Kris Longknife: Defender
Page 38
They exploded, as reactors suffered damage, and containment failed.
Kris frowned. Boss man on the mother ship must be getting tired of sending ships and none reporting back. What would a frustrated alien killer do? By now, he must know that Kris was holding the bridge. What was her weakness?
“BatDiv 9, hold in place,” Kris ordered. “BatRons 1 through 4, reverse course. One-quarter-gee acceleration. BatDiv 10, reverse course and join the squadrons when they pass. Prepare for atomic attack.”
Kris’s board lit up with acknowledgments as ships immediately responded to her order. In this battle, there was no time for a preliminary order to be followed later by an execute. Kris had rewritten the book. In an hour, she would know if her book was better than the old one.
As the squadrons fell back to 120,000 klicks from the jump, the Wasp and Intrepid flipped ship and joined the withdrawal. Throughout the fleet, any sensor that didn’t have to be out was retracted and covered with armor.
Three small objects shot through the jump and immediately separated into four smaller ones that spun away on wild courses. The four Helvetica frigates took out eight immediately. Their fire controls switched to the remainders as quickly as computers could. Three more vanished. One took a hit, but still blew.
“Low-order detonation,” Professor Labao reported. “Less than a megaton.” He used the ancient form of measurement, one that Kris had no frame of reference for. “Our regular hardening for space’s radiation should handle this pulse.”
That answered Kris’s question before she asked it.
Kris’s screens showed the status of her entire fleet. BatDiv 9’s ships switched from green to red as two reported damage to their sensors.
“BatDiv 9, reverse course, one-gee acceleration. All others cease deceleration. Reverse ship.” The fleet went to zero gee but momentum continued to move it away from the jump, rear first, forward batteries aimed at the jump.
The last holders of the bridge decamped and moved to join the rest. Kris ordered a small deceleration burn to park her fleet 140,000 klicks from the jump. Their 20-inch lasers were still in range. They waited for what came next.

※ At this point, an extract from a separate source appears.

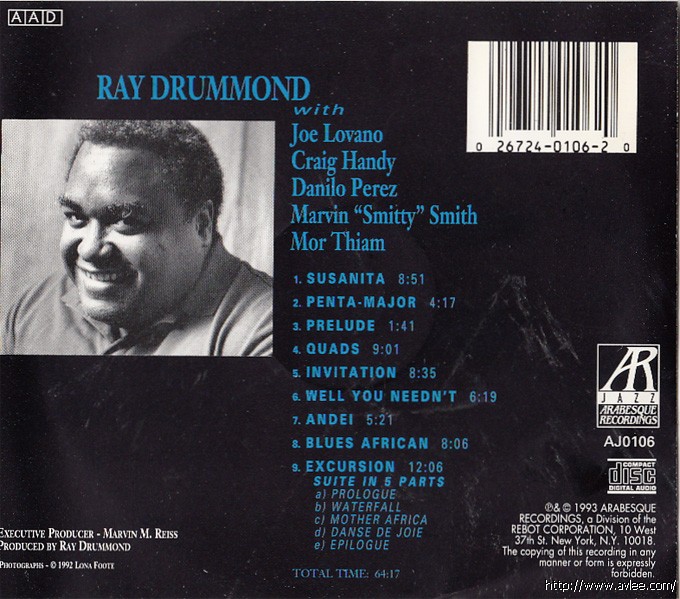 JAZZCD名称:Ray Drummond艺术家名称:Excursion发行公司:ARABESQUE JAZZ发行编号:AJ0106发行日期:1993年
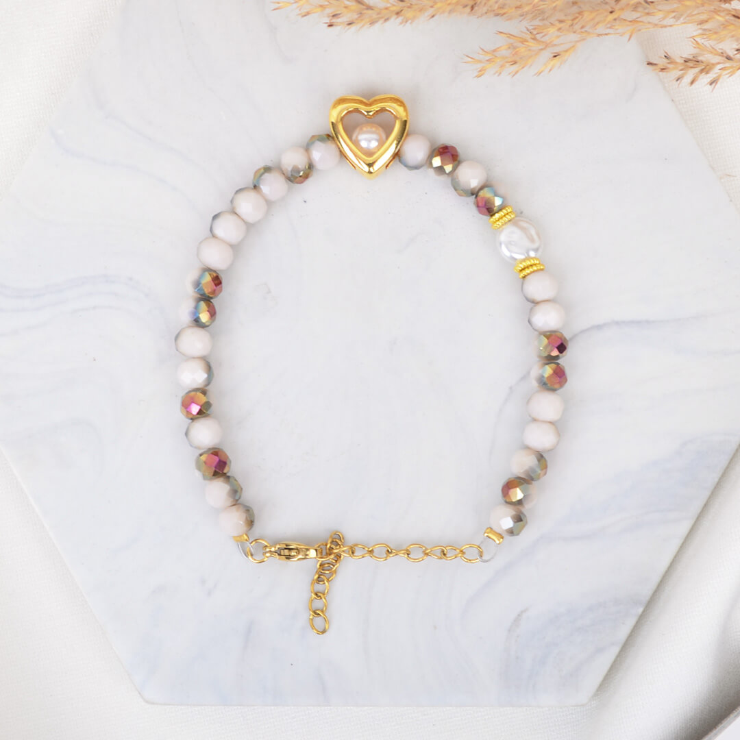 Χειροποίητο βραχιόλι με κρύσταλλα και στοιχείο καρδούλα. Το μήκος του είναι 17-23 εκατοστά.  Συνδύασε το με τα υπόλοιπα της συλλογής για μοναδικές εμφανίσεις. Σε περίπτωση που επιθυμείτε διαφορετικό μήκος μπορείτε να το αναγράψετε στις παρατηρήσεις.

All too soon, it came. The jump began spitting out monster ships every second. BatDiv 9’s rear batteries took out the first one. “Squadrons, engage by Plan A,” Kris ordered.
The eight ships of BatRon 1 engaged the next ship out, firing half their forward lasers. The second ship through the jump exploded.
But there were more. The battle squadrons engaged in order the third, fourth, and fifth targets. Alien ships came through the jump, and alien ships died. It was BatRon 1’s turn again, but the wreckage and roiling gases from the earlier ships were making the lasers less effective.
“Let them get out five hundred klicks,” Kris ordered, and the squadrons held their fire for a fraction of a second before laying on again. Still, there were ships through now that hadn’t been fired upon. For every ship they blew, one slipped through and raced off at two gees acceleration.
On the orders of their own commodores, the squadrons flipped to bring their aft batteries to bear. More monster ships died—some in spectacular explosions, some from a series of internal blows that tore them apart. Alien ships fired back, but their lasers dissipated before they could reach Kris’s fleet.
Yes, alien ships died, but Kris’s ships were shooting themselves dry. They needed more time to recharge. As Kris’s screens showed her ships firing their last pair of ready lasers, she gave her next order.
“Deploy chaff. Set course to two-ten by fifteen.” That would aim the fleet sunward and toward the nearest gas giant. “Accelerate at one gee. Deploy mines on my mark.”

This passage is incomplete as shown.